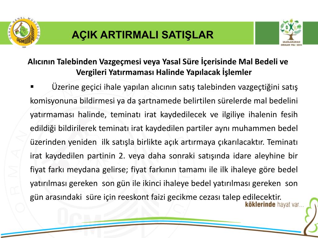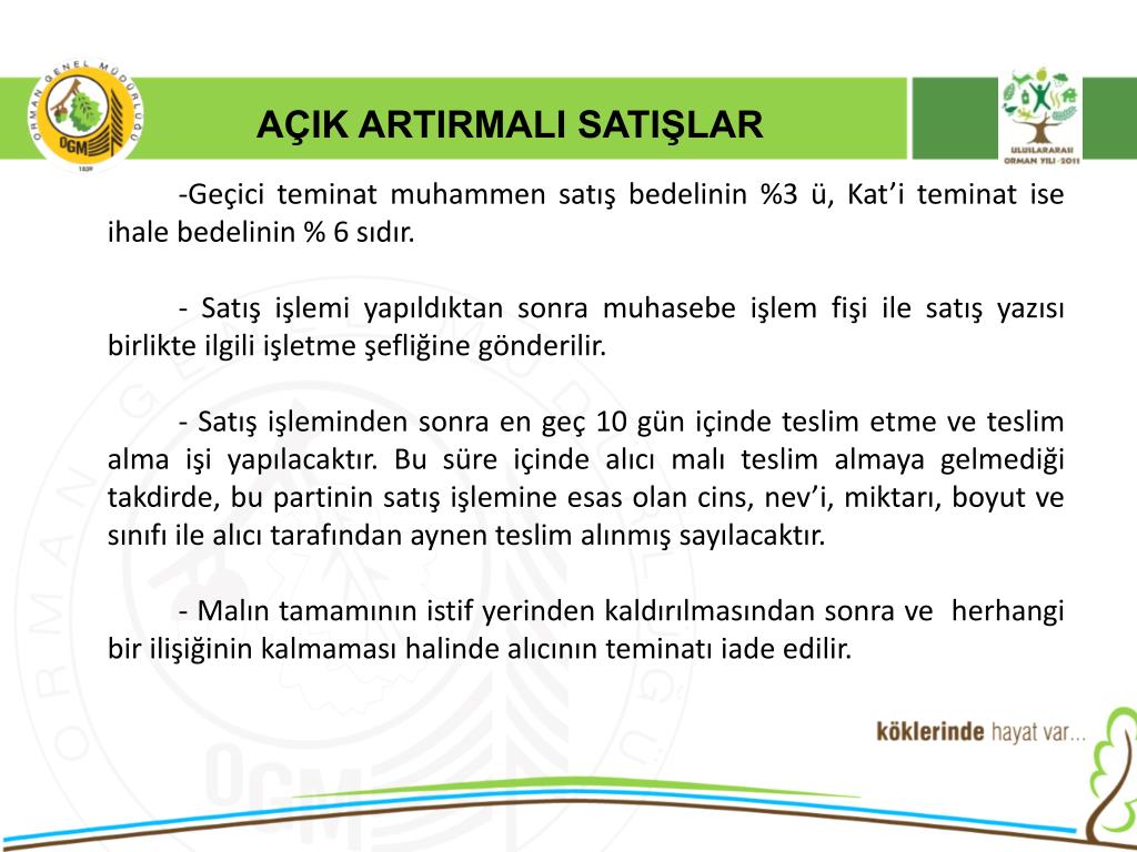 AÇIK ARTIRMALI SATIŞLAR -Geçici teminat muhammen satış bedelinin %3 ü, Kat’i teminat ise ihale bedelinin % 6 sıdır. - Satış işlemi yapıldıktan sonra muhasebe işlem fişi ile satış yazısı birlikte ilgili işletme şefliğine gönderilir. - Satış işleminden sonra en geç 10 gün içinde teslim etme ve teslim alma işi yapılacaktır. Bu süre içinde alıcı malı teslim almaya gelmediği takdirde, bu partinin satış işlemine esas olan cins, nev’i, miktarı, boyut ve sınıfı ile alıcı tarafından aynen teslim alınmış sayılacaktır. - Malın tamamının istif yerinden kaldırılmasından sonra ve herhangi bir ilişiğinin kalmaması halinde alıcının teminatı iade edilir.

- - - - - - -

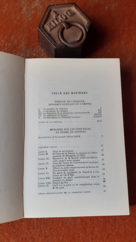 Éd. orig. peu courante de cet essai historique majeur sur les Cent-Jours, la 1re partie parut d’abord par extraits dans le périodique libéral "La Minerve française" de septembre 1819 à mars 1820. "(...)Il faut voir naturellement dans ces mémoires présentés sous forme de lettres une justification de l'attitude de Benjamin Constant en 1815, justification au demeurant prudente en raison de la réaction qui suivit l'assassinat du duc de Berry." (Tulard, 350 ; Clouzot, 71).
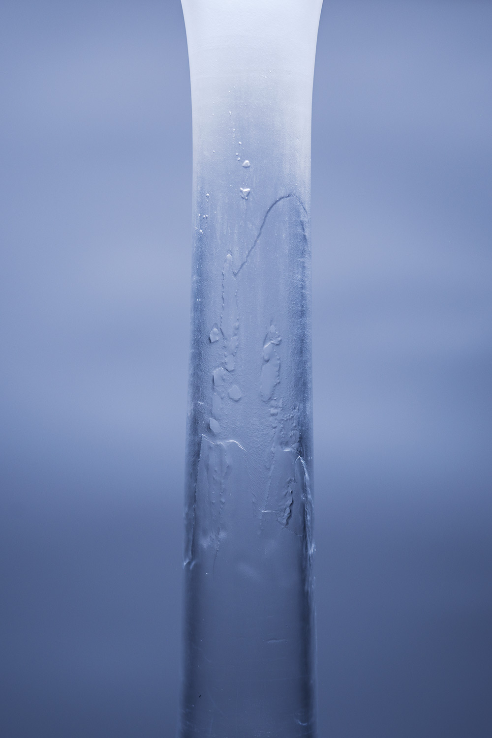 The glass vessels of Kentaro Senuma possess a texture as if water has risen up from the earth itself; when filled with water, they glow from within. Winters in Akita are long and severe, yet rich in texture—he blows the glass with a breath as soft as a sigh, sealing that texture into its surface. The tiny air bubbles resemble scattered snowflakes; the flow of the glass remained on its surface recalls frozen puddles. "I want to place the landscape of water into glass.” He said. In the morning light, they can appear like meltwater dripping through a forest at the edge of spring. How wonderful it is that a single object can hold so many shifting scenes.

- - - - - - -

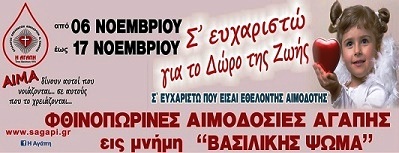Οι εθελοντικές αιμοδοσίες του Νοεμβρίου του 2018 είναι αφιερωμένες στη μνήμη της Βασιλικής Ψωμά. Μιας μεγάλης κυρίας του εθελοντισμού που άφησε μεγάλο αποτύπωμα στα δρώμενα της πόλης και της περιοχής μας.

- - - - - - -

▶ _YOUR TASK_: Take the material above from the line containing "Éd. orig. peu" up to and including the line containing "The glass vessels" and retype it exactly, without any pictures.

▶ _EXPECTED ANSWER_:
 Éd. orig. peu courante de cet essai historique majeur sur les Cent-Jours, la 1re partie parut d’abord par extraits dans le périodique libéral "La Minerve française" de septembre 1819 à mars 1820. "(...)Il faut voir naturellement dans ces mémoires présentés sous forme de lettres une justification de l'attitude de Benjamin Constant en 1815, justification au demeurant prudente en raison de la réaction qui suivit l'assassinat du duc de Berry." (Tulard, 350 ; Clouzot, 71).
 The glass vessels of Kentaro Senuma possess a texture as if water has risen up from the earth itself; when filled with water, they glow from within. Winters in Akita are long and severe, yet rich in texture—he blows the glass with a breath as soft as a sigh, sealing that texture into its surface. The tiny air bubbles resemble scattered snowflakes; the flow of the glass remained on its surface recalls frozen puddles. "I want to place the landscape of water into glass.” He said. In the morning light, they can appear like meltwater dripping through a forest at the edge of spring. How wonderful it is that a single object can hold so many shifting scenes.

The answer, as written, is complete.